What to work on
The data should be written out in full, exactly as it stands, and the pictures dropped.

Dataset section
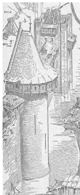
Una de las torres de la ciudad francesa de Carcassonne con su cadalso, y dibujo publicado por su restaurador Viollet-le-Duc, en su Dictionnaire Raisonné de L'Architecture, París, s. XIX, pág. 363.

En el último tercio del mismo siglo habrían de realizarse importantes reformas, que contarían con la intervención de Domingo de Monteagudo 7 , afamado maestro cantero vecino de Santiago, residente en Betanzos, donde era contratado por don Bernardino de Lanzós, II Conde de Maceda, el 22 de septiembre de 1673, por ante el escribano Gregorio de Castro:
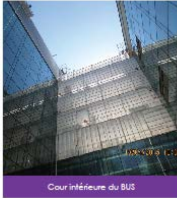
Cour intérieure du BUS

Response area
Una de las torres de la ciudad francesa de Carcassonne con su cadalso, y dibujo publicado por su restaurador Viollet-le-Duc, en su Dictionnaire Raisonné de L'Architecture, París, s. XIX, pág. 363.

En el último tercio del mismo siglo habrían de realizarse importantes reformas, que contarían con la intervención de Domingo de Monteagudo 7 , afamado maestro cantero vecino de Santiago, residente en Betanzos, donde era contratado por don Bernardino de Lanzós, II Conde de Maceda, el 22 de septiembre de 1673, por ante el escribano Gregorio de Castro:
Cour intérieure du BUS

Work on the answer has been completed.